WHAT THE TASK ASKS:
Go to the line in the entries below that holds "Um selo de borracha" and repeat exactly from there through the line that holds "البريطاني بيري واتكنز", inclusive.

DATASET RECORDS:
+++++

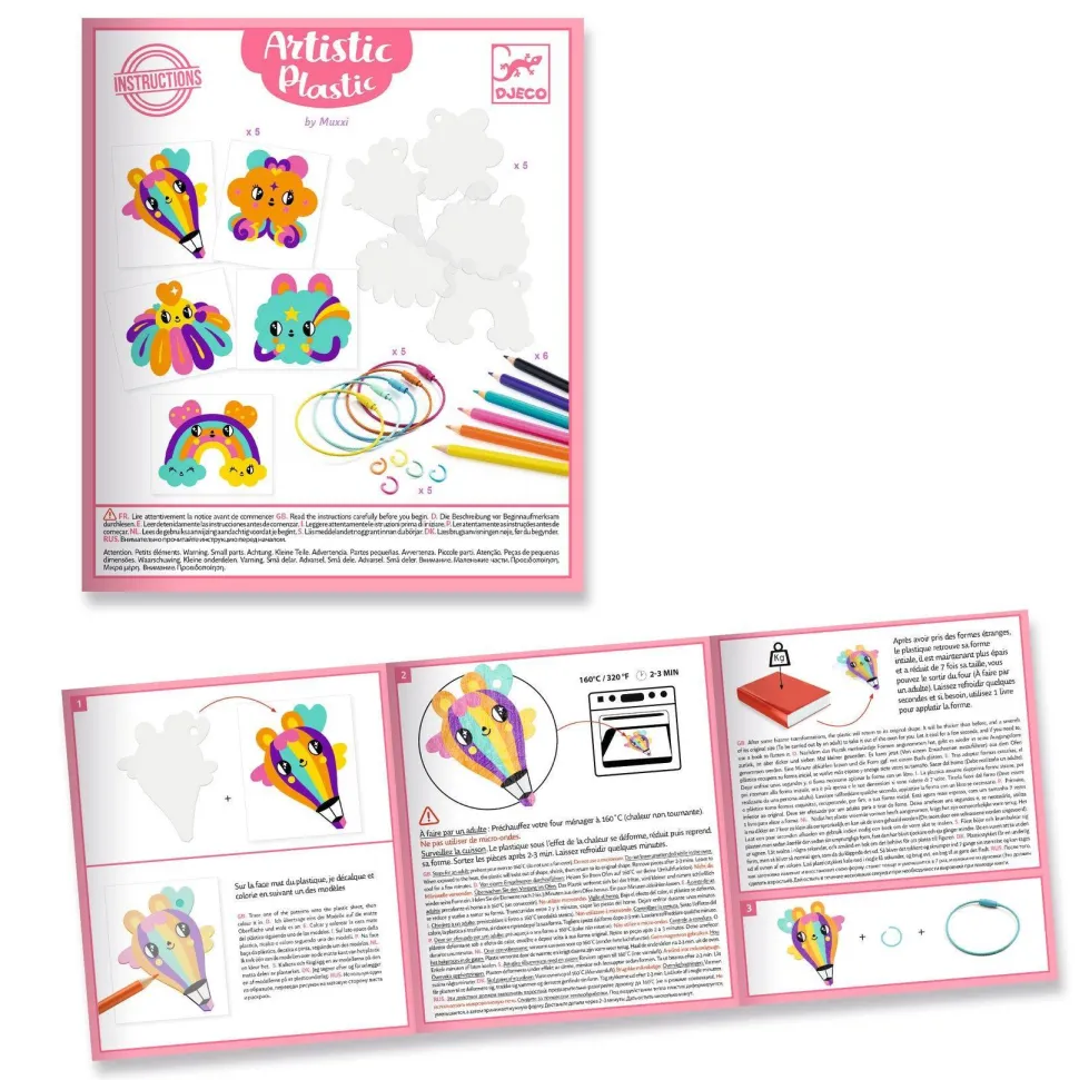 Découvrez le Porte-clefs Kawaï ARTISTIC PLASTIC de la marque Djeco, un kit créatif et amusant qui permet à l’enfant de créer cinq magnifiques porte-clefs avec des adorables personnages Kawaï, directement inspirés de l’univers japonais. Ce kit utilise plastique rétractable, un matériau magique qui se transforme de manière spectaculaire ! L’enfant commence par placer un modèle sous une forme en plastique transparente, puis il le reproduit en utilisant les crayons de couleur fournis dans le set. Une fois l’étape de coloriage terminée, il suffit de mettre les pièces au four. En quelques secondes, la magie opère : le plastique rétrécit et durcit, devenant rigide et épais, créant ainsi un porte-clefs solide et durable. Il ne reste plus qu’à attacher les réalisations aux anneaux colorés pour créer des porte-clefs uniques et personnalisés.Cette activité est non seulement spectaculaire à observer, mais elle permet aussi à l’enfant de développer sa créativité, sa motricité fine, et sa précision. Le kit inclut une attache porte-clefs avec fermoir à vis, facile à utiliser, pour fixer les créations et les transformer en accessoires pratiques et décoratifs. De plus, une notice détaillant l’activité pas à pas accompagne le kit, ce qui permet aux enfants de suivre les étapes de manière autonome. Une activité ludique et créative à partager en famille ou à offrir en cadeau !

+++++

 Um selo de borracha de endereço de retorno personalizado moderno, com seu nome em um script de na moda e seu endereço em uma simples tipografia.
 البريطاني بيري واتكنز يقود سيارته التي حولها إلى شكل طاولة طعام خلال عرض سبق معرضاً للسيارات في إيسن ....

+++++

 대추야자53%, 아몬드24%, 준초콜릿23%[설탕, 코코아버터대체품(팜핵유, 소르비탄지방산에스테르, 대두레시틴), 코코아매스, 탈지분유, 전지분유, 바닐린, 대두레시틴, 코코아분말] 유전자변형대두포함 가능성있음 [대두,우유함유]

+++++

EXERCISE RESPONSE:
 Um selo de borracha de endereço de retorno personalizado moderno, com seu nome em um script de na moda e seu endereço em uma simples tipografia.
 البريطاني بيري واتكنز يقود سيارته التي حولها إلى شكل طاولة طعام خلال عرض سبق معرضاً للسيارات في إيسن ....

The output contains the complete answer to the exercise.